▸ **TASK REQUIREMENTS**
Would you copy exactly the lines in the data below from the one that has "Uma nova sequência" through the one that has "孫道光深入施工現(xiàn)", dropping any pictures?
== THE DATA ==
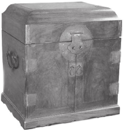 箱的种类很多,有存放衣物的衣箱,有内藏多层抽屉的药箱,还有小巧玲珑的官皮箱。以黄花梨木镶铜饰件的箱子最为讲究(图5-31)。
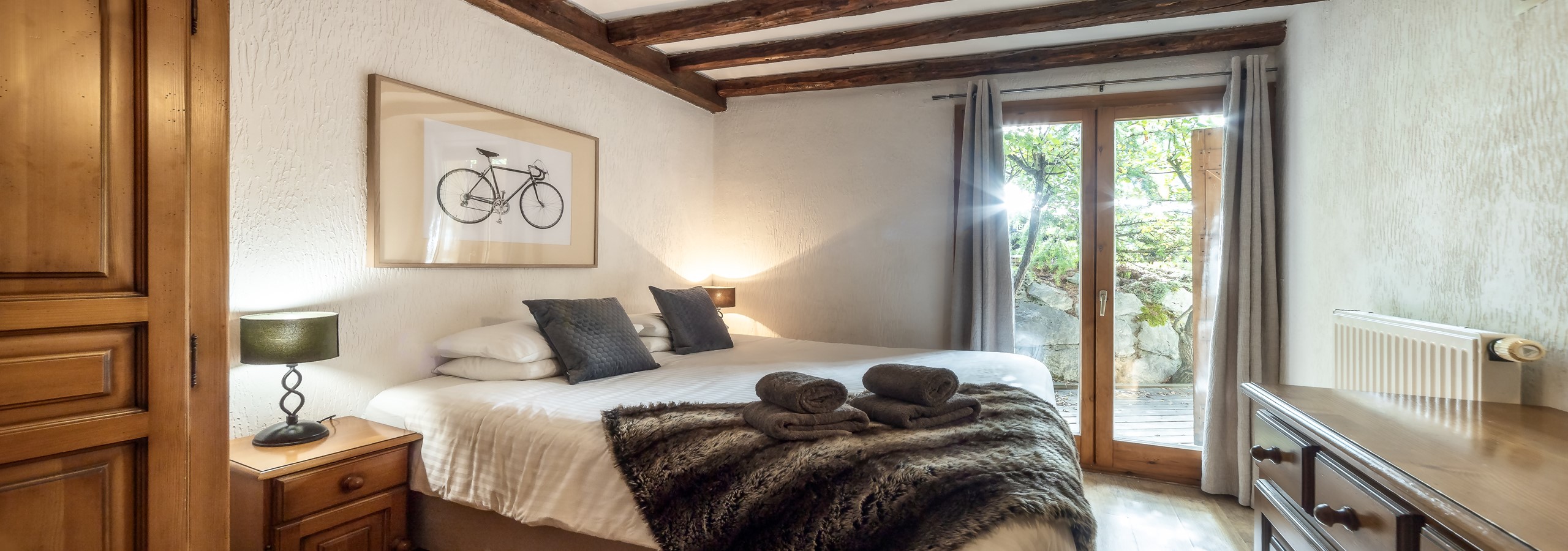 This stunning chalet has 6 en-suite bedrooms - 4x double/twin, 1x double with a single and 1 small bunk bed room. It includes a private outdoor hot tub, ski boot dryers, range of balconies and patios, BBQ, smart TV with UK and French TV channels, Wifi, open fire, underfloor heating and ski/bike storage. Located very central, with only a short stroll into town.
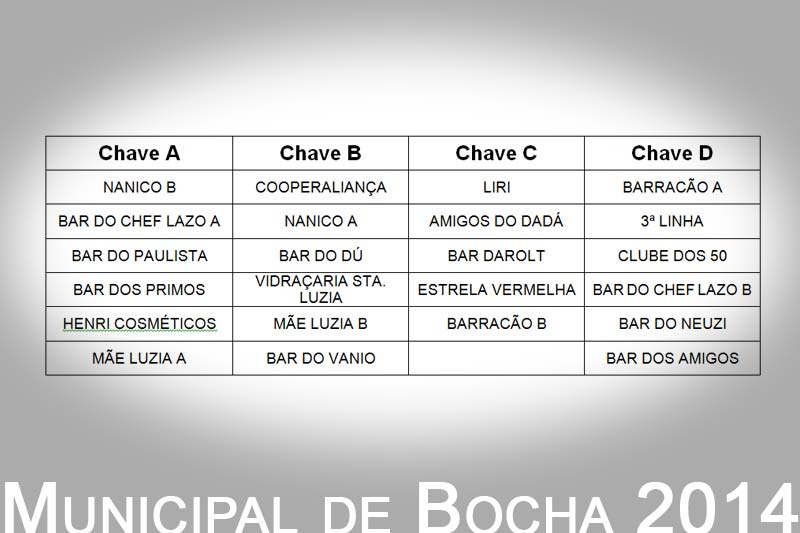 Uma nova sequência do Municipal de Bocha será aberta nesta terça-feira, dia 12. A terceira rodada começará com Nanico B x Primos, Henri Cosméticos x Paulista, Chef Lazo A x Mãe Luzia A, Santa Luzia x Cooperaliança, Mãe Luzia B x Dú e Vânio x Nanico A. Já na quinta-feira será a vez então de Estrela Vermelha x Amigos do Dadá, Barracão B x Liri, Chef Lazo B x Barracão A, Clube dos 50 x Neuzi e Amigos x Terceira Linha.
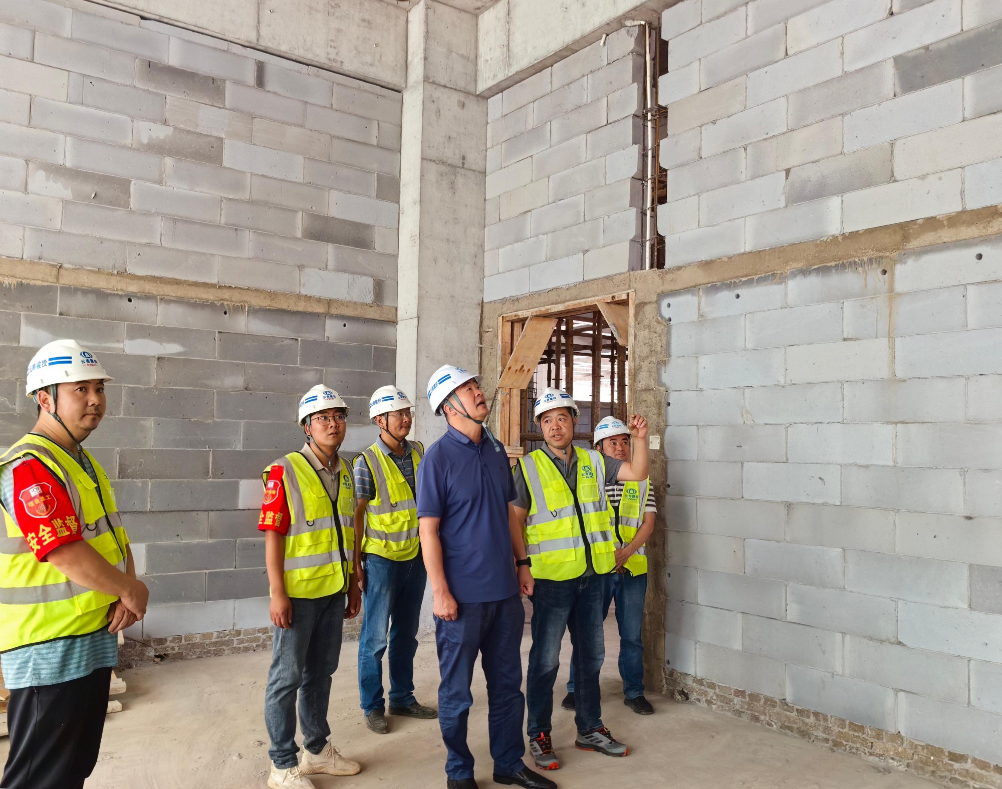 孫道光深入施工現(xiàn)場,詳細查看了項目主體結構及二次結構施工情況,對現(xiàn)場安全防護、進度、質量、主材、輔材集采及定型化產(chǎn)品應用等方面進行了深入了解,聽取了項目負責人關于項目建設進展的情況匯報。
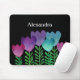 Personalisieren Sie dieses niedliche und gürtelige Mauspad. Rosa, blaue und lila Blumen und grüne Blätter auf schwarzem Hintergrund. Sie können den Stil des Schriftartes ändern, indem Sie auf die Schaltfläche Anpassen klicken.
===
▸ **WRITTEN SOLUTION**
 Uma nova sequência do Municipal de Bocha será aberta nesta terça-feira, dia 12. A terceira rodada começará com Nanico B x Primos, Henri Cosméticos x Paulista, Chef Lazo A x Mãe Luzia A, Santa Luzia x Cooperaliança, Mãe Luzia B x Dú e Vânio x Nanico A. Já na quinta-feira será a vez então de Estrela Vermelha x Amigos do Dadá, Barracão B x Liri, Chef Lazo B x Barracão A, Clube dos 50 x Neuzi e Amigos x Terceira Linha.
 孫道光深入施工現(xiàn)場,詳細查看了項目主體結構及二次結構施工情況,對現(xiàn)場安全防護、進度、質量、主材、輔材集采及定型化產(chǎn)品應用等方面進行了深入了解,聽取了項目負責人關于項目建設進展的情況匯報。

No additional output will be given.